All told, it’s estimated that tens of thousands of outright fraudulent votes were cast. They were overwhelmingly cast for one candidate. And when that wasn’t enough, days after the election one key result was “corrected”; enough names were added – alphabetically and in the same handwriting – to official poll lists as having voted for a single candidate to change the election’s results. Barely.
In short, the election was blatantly stolen. And though challenged, the challenge was unsuccessful. The beneficiary of the theft ended up keeping the stolen office – a high national office, at that.
Now, you might wonder why I’m writing this and posting it to a military blog. Well, the above is indeed true. But it’s not a story about fraudulent elections in some Third-World dictatorship or Communist nation during the Cold War – nations that were known to hold elections merely for show.
I’m also not talking about the 2008 Minnesota Senate Election that was stolen to put Al “Comic Relief” Franken in the Senate.
Rather, it’s the story of what happened in South Texas during the 1948 Democratic Senate Primary Run-Off election. That election was patently fraudulent – and blatently stolen.
That’s the election that sent LBJ to the Senate, saving his political career and setting him on the path to the White House.
Without that stolen election, LBJ isn’t Vice-President on the morning of November 22, 1963. And without LBJ as president, IMO Vietnam as a major land war either never happens at all or plays out far differently than it did. LBJ was terrified of being identified as being “soft” on Communism, and identified as having “lost” a nation to the Communist cause. IMO that’s the main reason he engineered our involvement there – and kept “upping the ante” when things didn’t go as planned.

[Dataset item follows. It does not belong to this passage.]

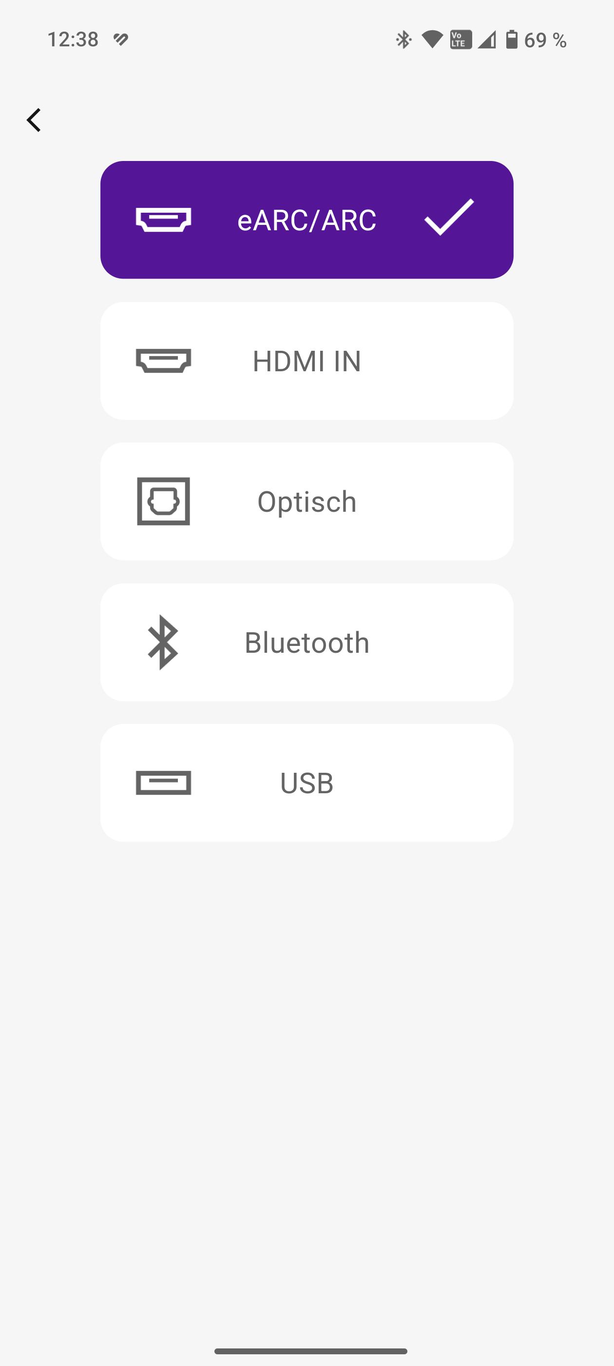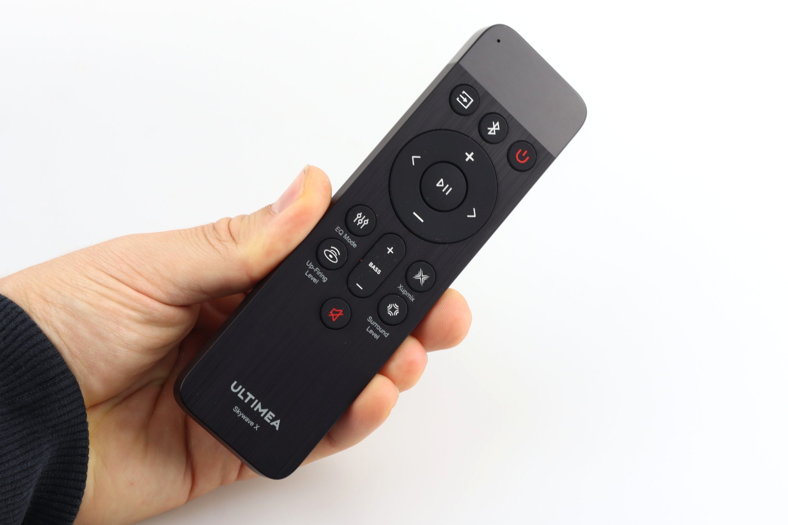 Die Fernbedienung ist ordentlich verarbeitet und wirkt hochwertig. Durch das zusätzliche Gewicht liegt sie gut in der Hand. Wenn das Soundsystem per HDMI-eARC verbunden ist, wird die Fernbedienung nur für Soundeinstellungen benötigt. Hier lässt sich beispielsweise schnell der Soundmodus wechseln oder die Bass- und Surround-Verstärkung einstellen. Zwei AAA-Batterien für die Fernbedienung sind nicht im Lieferumfang enthalten.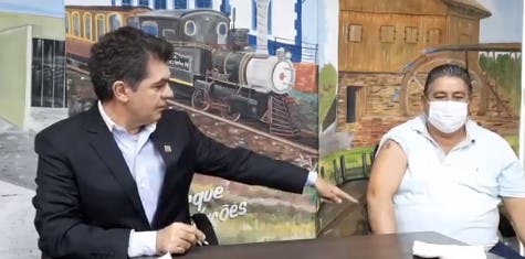 O prefeito reforçou que não existe qualquer relação entre vacina e magnetismo. – Estamos aqui trabalhando, eu e os prefeitos de todo o Brasil, pedindo a toda a população para tomar a vacina, e vem uma senhora contra a vacina, pregando que tomar a vacina pode colocar um chip no seu corpo. Pára né – disparou, dando um soco na mesa.

If you’ve never read Robert A. Caro’s Means of Ascent, I’d strongly recommend you do so while you’re on this side of the dirt – regardless of your feelings about LBJ. In Chapters 13-16, Caro documents precisely how people working on LBJ’s behalf stole that election, and how they kept it stolen afterwards. And he makes a persuasive case that not only did LBJ know precisely what was going on, but also approved of it wholeheartedly.
Elections have consequences. Sometimes they’re not felt for decades.
Author’s Note: None of the ballot boxes produced in court during Federal Special Master Hearings investigating allegations of fraud during the 1948 Texas Senatorial Run-Off Election in late September 1948 were marked as was the one in the above photo. The ballot box depicted in the photo above was thus quite obviously not among those produced in court during that Federal Special Master investigation.
The box in the photo is believed to have been from Precinct 13 in Alice, TX, in Jim Wells County. That precinct was the one to which the 200 votes (some accounts say 201 or 202) that changed the election’s outcome were added days after-the-fact.
The individuals in the photo are known associates and political allies of George B. Parr, political Jefe of the local area. One of them is his cousin, Givens Parr.
Precinct 13 in Jim Wells County is known to have had two ballot boxes. Both were ordered brought to court during the Special Master investigation.
One box from Precinct 13 was indeed opened in court during the Special Master hearings. The second ballot box from Precinct 13 in Jim Wells County was either among those that remained unopened when the investigation was ordered halted – or was not present in court that day.
The ballot box in the photo above has never been located.
LBJ himself is known to have possessed a copy of the above photo. On at least one occasion during his Presidency, showed his copy of that photo to a journalist during an interview(1967).
Draw whatever conclusions from the above you desire.